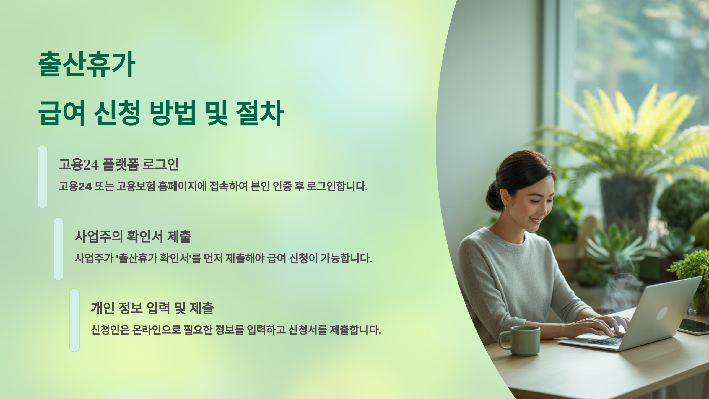 신청 절차를 단계별로 정리하면, 먼저 회사에서 출산전후휴가 확인서를 고용센터에 제출해야 해요. 이건 근로자가 아닌 사업주가 해야 하는 일이니, 휴가 시작 전에 인사팀에 미리 요청해두세요. 그다음 근로자가 직접 급여를 신청하는데, 온라인의 경우 확인서가 이미 등록되어 있으면 바로 선택해서 진행할 수 있어요.
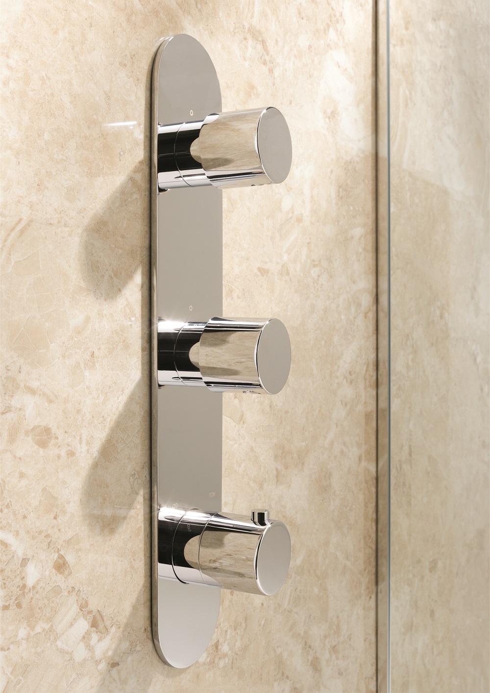 The NoCode Versobox shower valve is ideal for a coordinated bathroom look with on trend colour finishes available, and a plating service offered for more customised looks. Different handle options also add to the versatility in terms of design.  Shower valves are on an ultra slim 70mm back plate and the new Versobox Plus is even more minimalist with valves on individual trims for a stunning look.  The performance element is impressive with a 2 outlet shower valve delivering 39.6 lt/min at 3 bar water pressure.
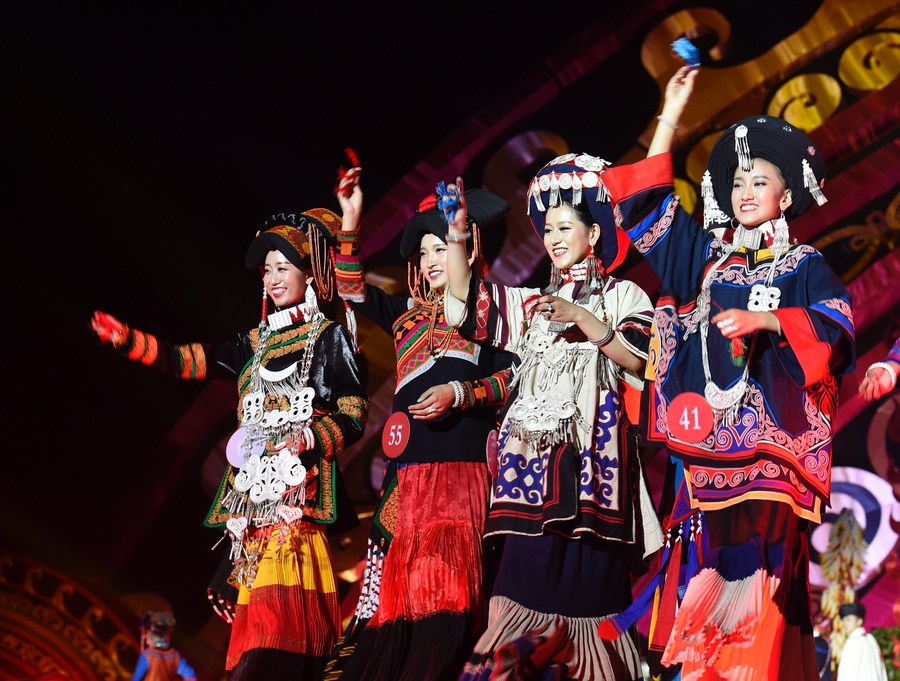 Contestants attend a costume show during a beauty contest for Yi ethnic group in Xichang, southwest China's Sichuan Province, July 28, 2016. (Xinhua/Liu Kun)

* **Work required**: Output the data exactly as it appears. The pictures do not belong in it.

* **Solution to this exercise**:
 신청 절차를 단계별로 정리하면, 먼저 회사에서 출산전후휴가 확인서를 고용센터에 제출해야 해요. 이건 근로자가 아닌 사업주가 해야 하는 일이니, 휴가 시작 전에 인사팀에 미리 요청해두세요. 그다음 근로자가 직접 급여를 신청하는데, 온라인의 경우 확인서가 이미 등록되어 있으면 바로 선택해서 진행할 수 있어요.
 The NoCode Versobox shower valve is ideal for a coordinated bathroom look with on trend colour finishes available, and a plating service offered for more customised looks. Different handle options also add to the versatility in terms of design.  Shower valves are on an ultra slim 70mm back plate and the new Versobox Plus is even more minimalist with valves on individual trims for a stunning look.  The performance element is impressive with a 2 outlet shower valve delivering 39.6 lt/min at 3 bar water pressure.
 Contestants attend a costume show during a beauty contest for Yi ethnic group in Xichang, southwest China's Sichuan Province, July 28, 2016. (Xinhua/Liu Kun)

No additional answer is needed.